Integrations

Various integrations and tools available in Dapr Agents

Out-of-the-box Tools

Text Splitter

The Text Splitter module is a foundational integration in Dapr Agents designed to preprocess documents for use in Retrieval-Augmented Generation (RAG) workflows and other in-context learning applications. Its primary purpose is to break large documents into smaller, meaningful chunks that can be embedded, indexed, and efficiently retrieved based on user queries.

By focusing on manageable chunk sizes and preserving contextual integrity through overlaps, the Text Splitter ensures documents are processed in a way that supports downstream tasks like question answering, summarization, and document retrieval.

Why Use a Text Splitter?

When building RAG pipelines, splitting text into smaller chunks serves these key purposes:

Enabling Effective Indexing: Chunks are embedded and stored in a vector database, making them retrievable based on similarity to user queries.
Maintaining Semantic Coherence: Overlapping chunks help retain context across splits, ensuring the system can connect related pieces of information.
Handling Model Limitations: Many models have input size limits. Splitting ensures text fits within these constraints while remaining meaningful.

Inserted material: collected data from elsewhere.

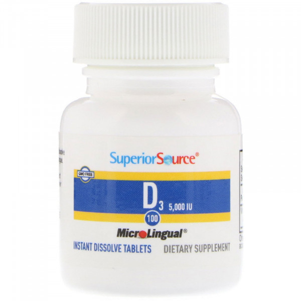 Superior Source, витамин D3 повышенной силы действия, 125 мкг (5000 МЕ), 100 быстрорастворимых таблеток MicroLingual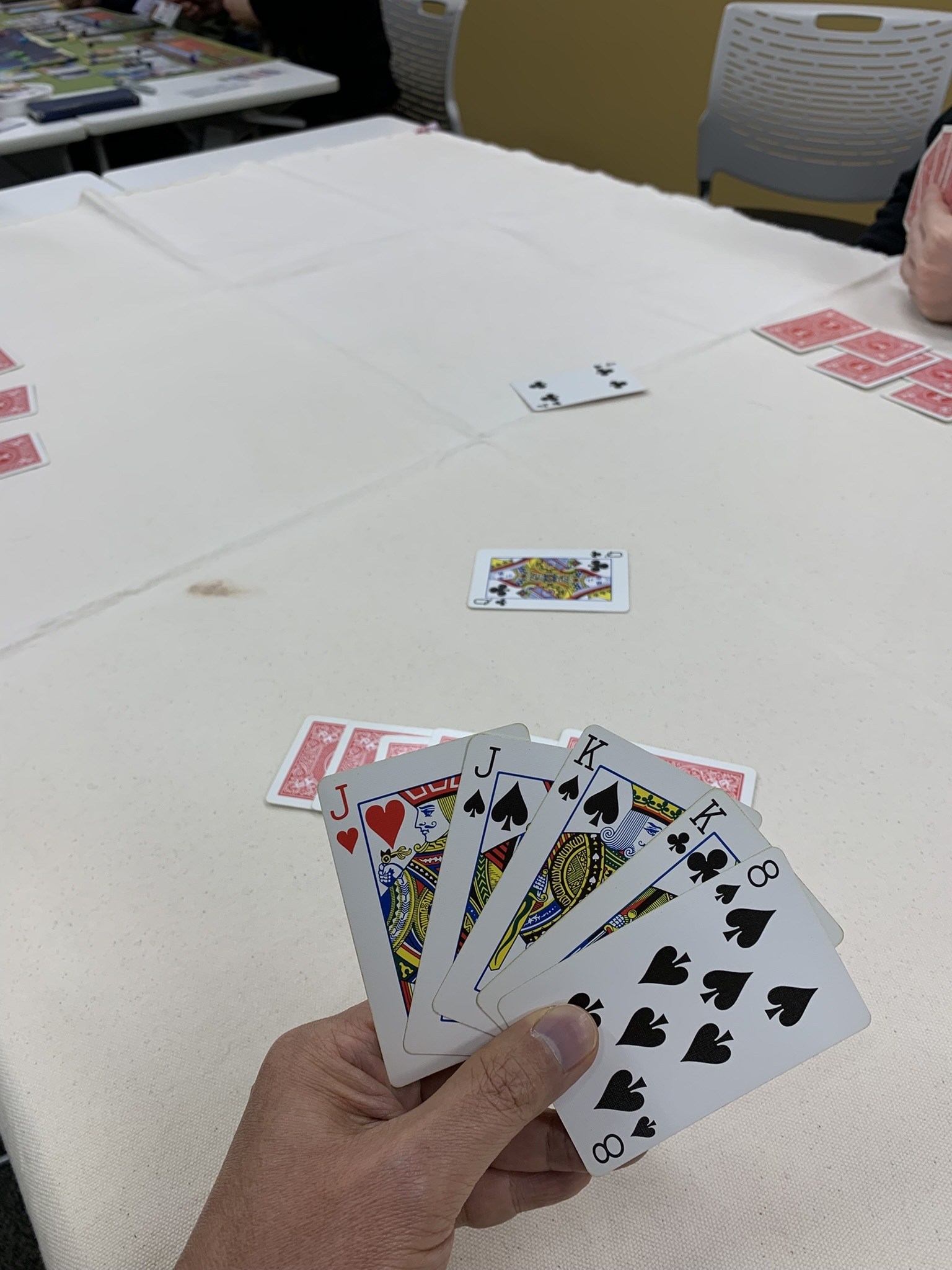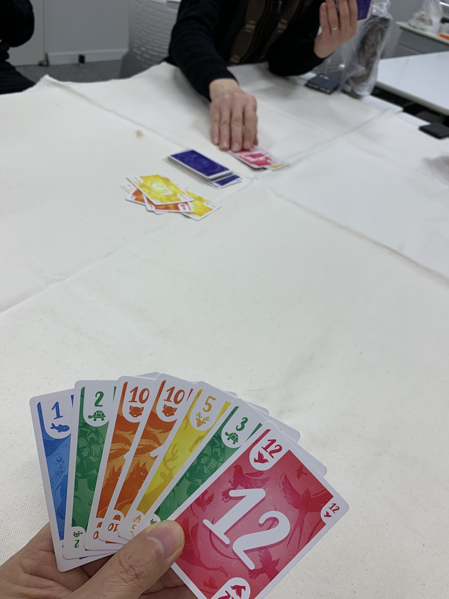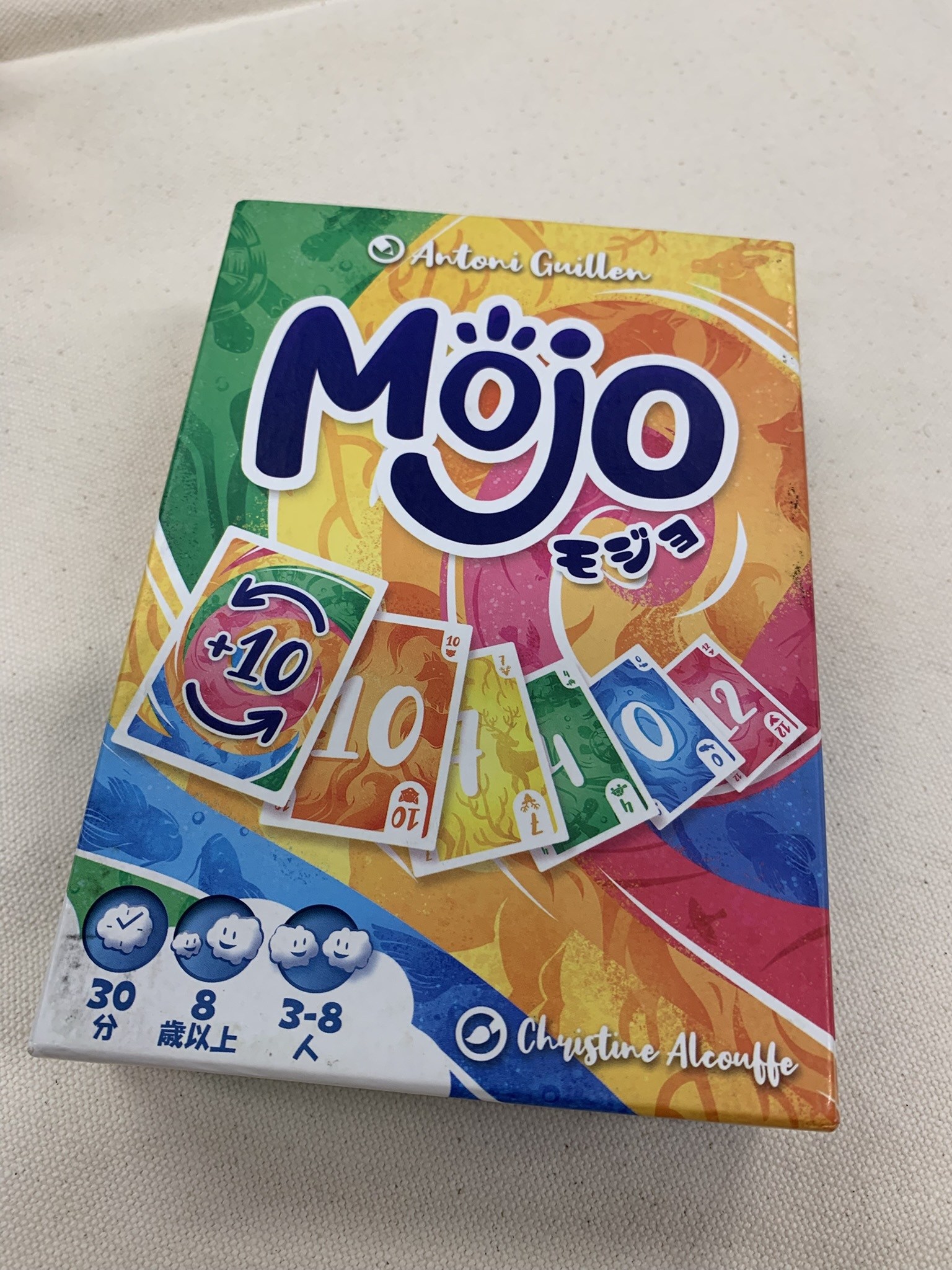 まずは開幕にトランプで遊ぶ「ヤニブ」をベースにアレンジしたと思う「モジョ」を遊びました。思いがけずモジョタイムに突入してしまうところが面白いですね。1つ持っておきたいカードゲームです。
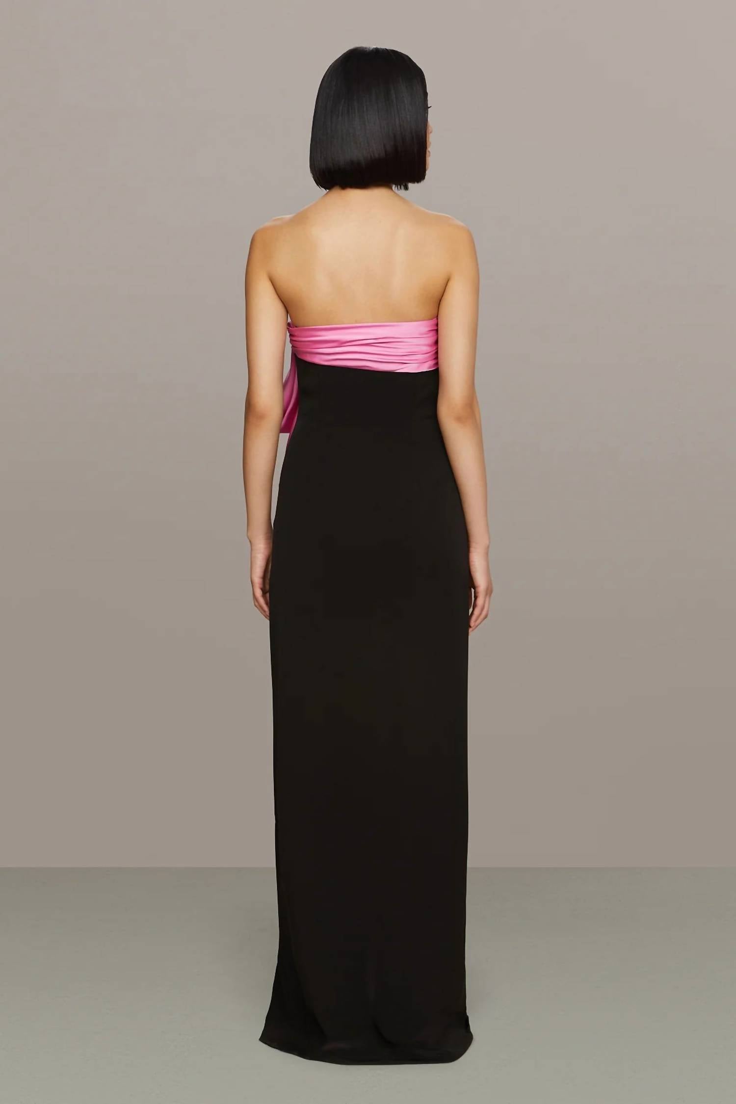 Just add a cute little clutch and a matching heel for the perfect event look. Step into your next event with the Melodie Bow Gown by AMUR, a striking pink and black column silhouette crafted for a sophisticated, minimalist look. This strapless gown offers a slight stretch with its 92% recycled polyester and 8% spandex composition, providing comfort and a snug fit through its hidden corset. Made with care and fully lined for support, this imported floor-length dress measures 63.25" in length. Ensure it remains a timeless piece by dry cleaning only, perfect for a standout spring appearance.

This step is crucial for preparing knowledge to be embedded into a searchable format, forming the backbone of retrieval-based workflows.

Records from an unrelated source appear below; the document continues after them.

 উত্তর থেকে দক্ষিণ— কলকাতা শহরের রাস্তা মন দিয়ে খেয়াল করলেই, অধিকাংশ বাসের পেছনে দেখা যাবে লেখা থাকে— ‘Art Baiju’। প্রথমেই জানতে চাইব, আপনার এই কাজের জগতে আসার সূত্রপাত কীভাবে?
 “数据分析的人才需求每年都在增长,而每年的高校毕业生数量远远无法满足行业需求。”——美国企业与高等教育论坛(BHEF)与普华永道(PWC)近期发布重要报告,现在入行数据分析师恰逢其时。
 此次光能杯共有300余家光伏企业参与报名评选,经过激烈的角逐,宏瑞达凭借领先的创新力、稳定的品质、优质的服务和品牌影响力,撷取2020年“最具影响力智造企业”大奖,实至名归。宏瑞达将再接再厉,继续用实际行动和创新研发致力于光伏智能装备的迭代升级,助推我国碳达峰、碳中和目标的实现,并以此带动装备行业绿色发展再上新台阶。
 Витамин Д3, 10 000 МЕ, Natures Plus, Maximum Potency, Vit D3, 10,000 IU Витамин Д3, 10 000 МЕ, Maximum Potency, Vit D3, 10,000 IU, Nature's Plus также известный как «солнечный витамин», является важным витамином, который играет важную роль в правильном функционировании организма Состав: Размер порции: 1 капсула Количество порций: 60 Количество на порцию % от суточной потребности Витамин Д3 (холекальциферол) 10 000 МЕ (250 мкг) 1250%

Strategies for Text Splitting

The Text Splitter supports multiple strategies to handle different types of documents effectively. These strategies balance the size of each chunk with the need to maintain context.

1. Character-Based Length

How It Works: Counts the number of characters in each chunk.
Use Case: Simple and effective for text splitting without dependency on external tokenization tools.

Example:

from dapr_agents.document.splitter.text import TextSplitter

# Character-based splitter (default)
splitter = TextSplitter(chunk_size=1024, chunk_overlap=200)

2. Token-Based Length

How It Works: Counts tokens, which are the semantic units used by language models (e.g., words or subwords).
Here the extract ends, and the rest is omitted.